:: AVAILABLE DATA ::
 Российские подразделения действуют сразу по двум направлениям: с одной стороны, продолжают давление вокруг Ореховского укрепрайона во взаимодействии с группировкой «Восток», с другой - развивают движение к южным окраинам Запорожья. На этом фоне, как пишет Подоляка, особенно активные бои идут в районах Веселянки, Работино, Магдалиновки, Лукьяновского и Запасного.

---

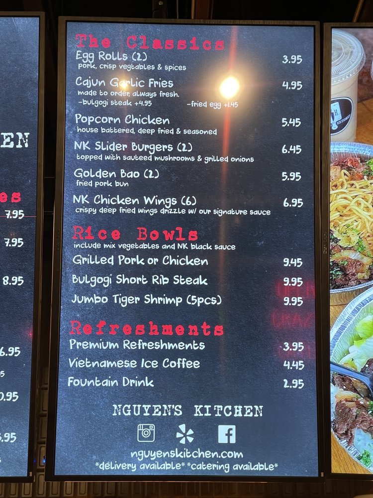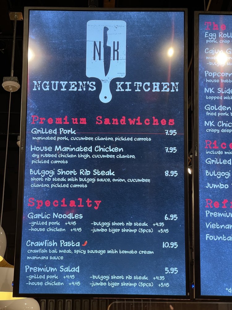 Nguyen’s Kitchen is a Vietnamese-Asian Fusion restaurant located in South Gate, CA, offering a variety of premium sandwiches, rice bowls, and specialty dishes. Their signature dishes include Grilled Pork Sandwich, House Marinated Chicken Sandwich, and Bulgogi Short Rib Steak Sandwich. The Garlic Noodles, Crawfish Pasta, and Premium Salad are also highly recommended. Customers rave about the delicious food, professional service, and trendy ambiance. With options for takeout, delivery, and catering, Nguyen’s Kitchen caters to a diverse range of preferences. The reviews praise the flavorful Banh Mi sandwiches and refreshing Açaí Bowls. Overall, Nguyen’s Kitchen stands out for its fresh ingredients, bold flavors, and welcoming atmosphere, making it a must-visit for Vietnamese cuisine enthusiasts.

---

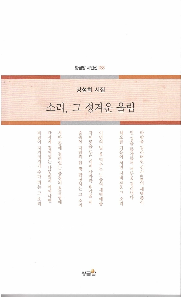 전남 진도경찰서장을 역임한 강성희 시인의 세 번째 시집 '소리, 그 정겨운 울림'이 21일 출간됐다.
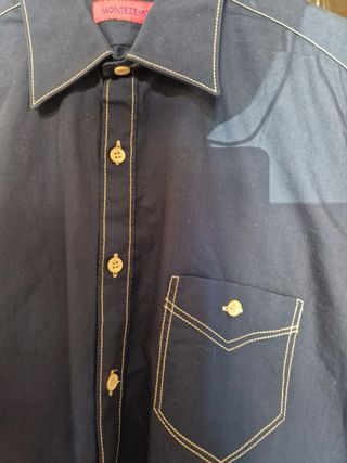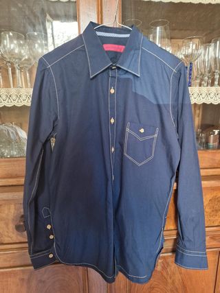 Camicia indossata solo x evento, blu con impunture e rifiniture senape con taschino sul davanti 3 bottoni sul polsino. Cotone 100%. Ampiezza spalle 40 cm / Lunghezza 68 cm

:: TASK REQUIREMENTS ::
In the entries above, find the line containing "전남 진도경찰서장을 역임한" and the line containing "Camicia indossata solo", then copy both and every line between them exactly, without any picture.

:: FINISHED TASK ::
 전남 진도경찰서장을 역임한 강성희 시인의 세 번째 시집 '소리, 그 정겨운 울림'이 21일 출간됐다.
 Camicia indossata solo x evento, blu con impunture e rifiniture senape con taschino sul davanti 3 bottoni sul polsino. Cotone 100%. Ampiezza spalle 40 cm / Lunghezza 68 cm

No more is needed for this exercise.